GC has never advocated for static masculinity or resistance to women's advancement. What we champion is something more subtle: the idea that men can evolve without erasing themselves, that they can honor women's equality while maintaining their own dignity, that they can change without becoming something unrecognizable to their own souls.

The modern gentleman we envision is not diminished by powerful women - he's enriched by them. He doesn't need to dominate to feel secure, nor does he need to submit to prove his enlightenment.

He recognizes that if he "changes everything" for someone else, he brings nothing distinctive to the union. And he knows that a woman worth his devotion doesn't want him to become less of himself; she wants him to become more fully realized while she does the same.

A Final Thought

Nadia, you're 29, pursuing higher education, observing the world with clear eyes. You have every right to your perspective, shaped by your experience and the cultural moment you're inhabiting. We don't seek to change your view - your journey is your own.

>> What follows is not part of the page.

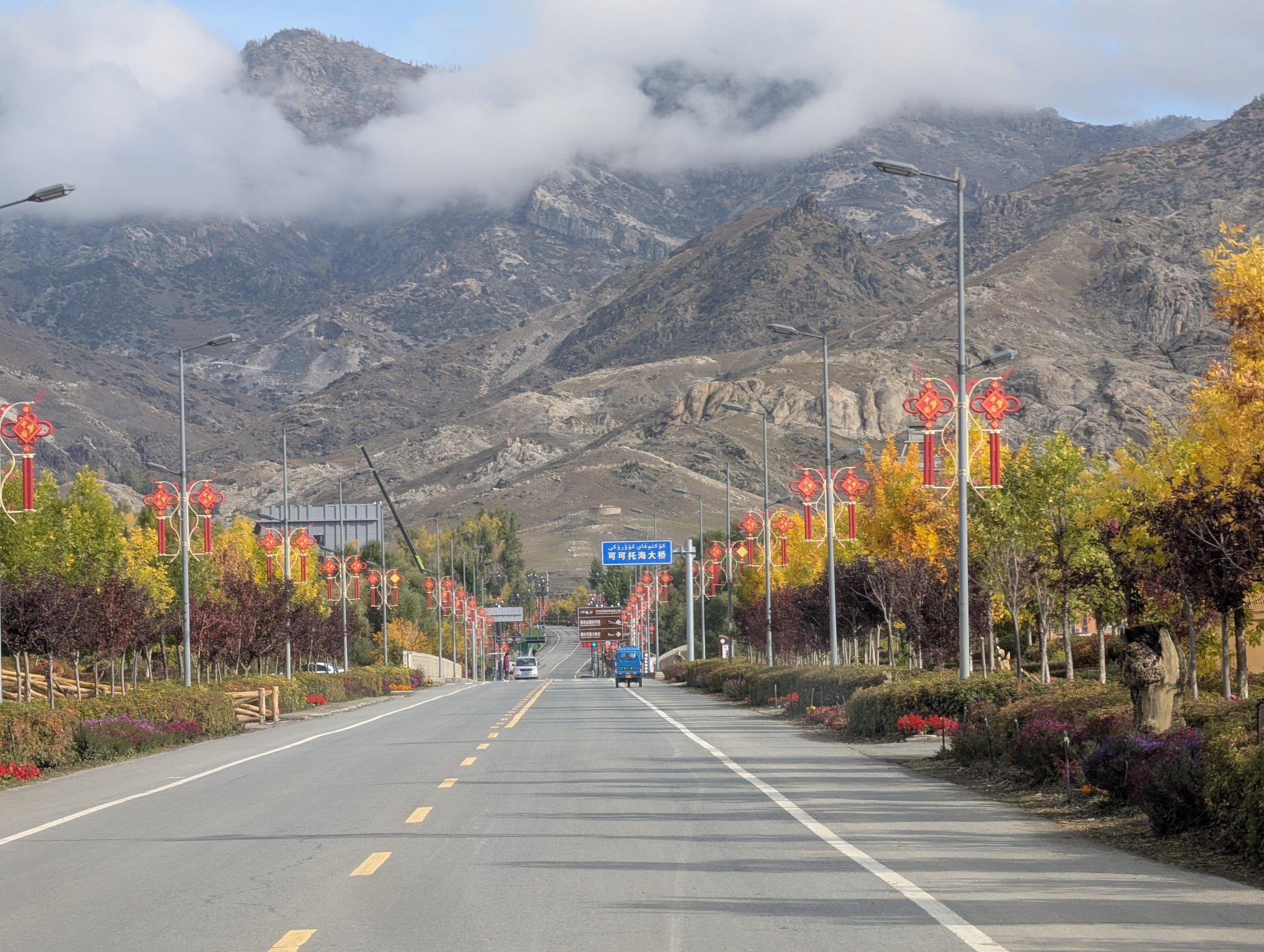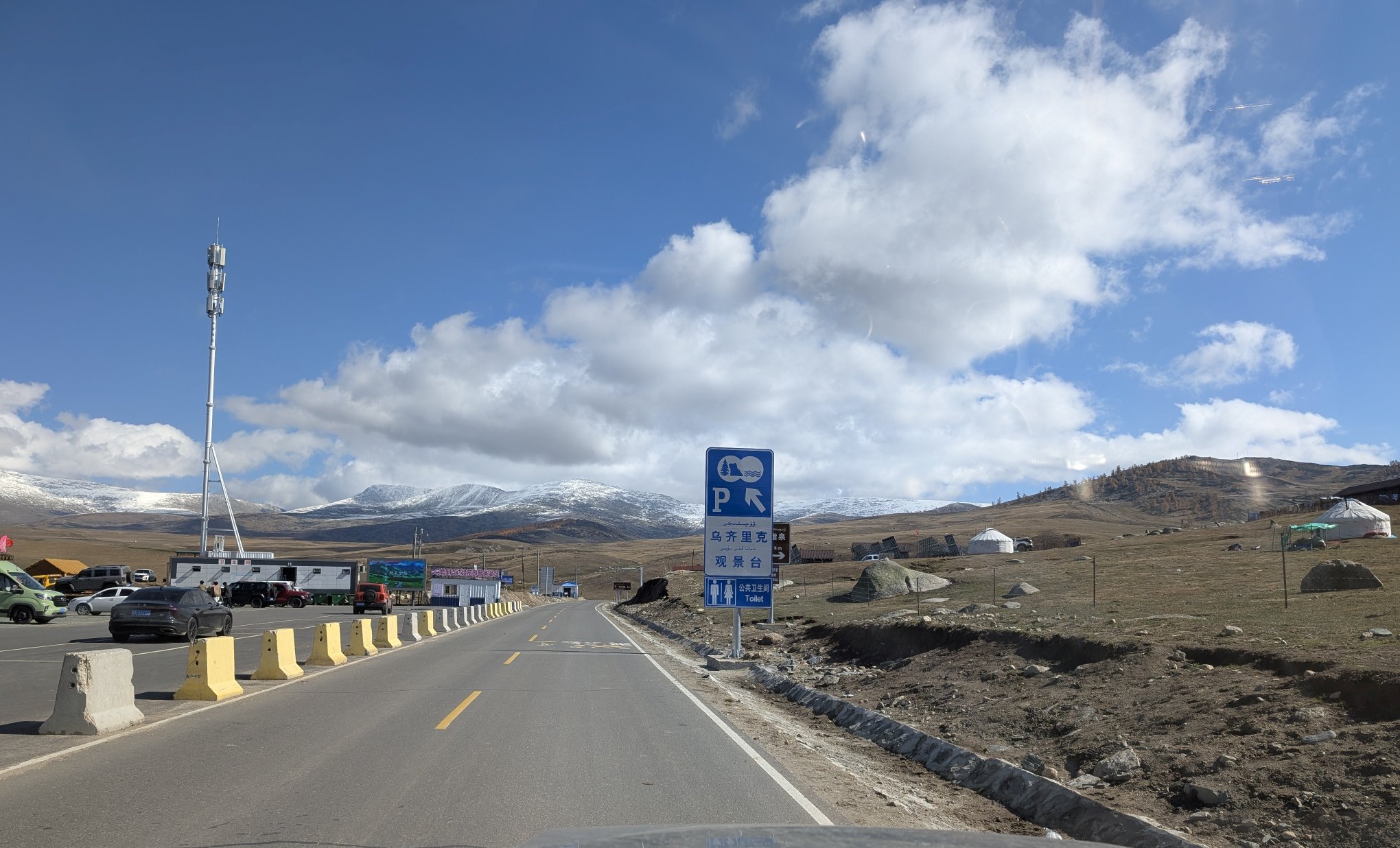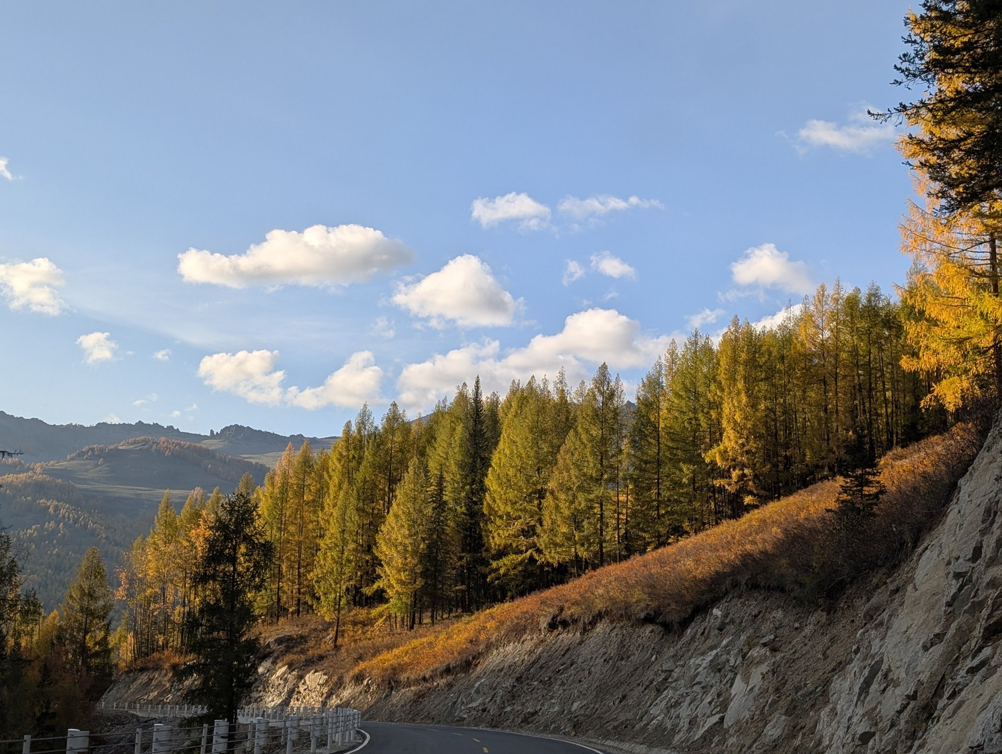 下午四点多出发回喀纳斯。中午时分开始已经放晴,有蓝天了。去景区的路上每个停车点都有人在那看着,当你靠近停下车,他们就会过来问你停多久。我一问说是有大领导要来检查,看来 70 周年实属隆重。他们还带着垃圾袋深入公路两侧的草地里捡垃圾,平日的公路哪有这般待遇。从景区方向开出来的车都是一队一队过来,每队前面都有警车带路,不用说也是限流了。

We simply offer this: true power doesn't announce itself through demands or demonstrations. It simply is. The most compelling people - men and women alike - carry their strength with such natural grace that it requires no proclamation.

As women continue to claim their rightful place in all spheres of human endeavor, the question isn't whether they deserve it - they do. The question is what kind of world we're building together. One where power simply changes hands, where the privileged become the marginalized and vice versa? Or one where we transcend these binaries entirely, recognizing that human flourishing requires the full expression of both masculine and feminine capacities?

The choice, ultimately, belongs to your generation. Choose wisely. The society you inherit today is the society your children will navigate tomorrow.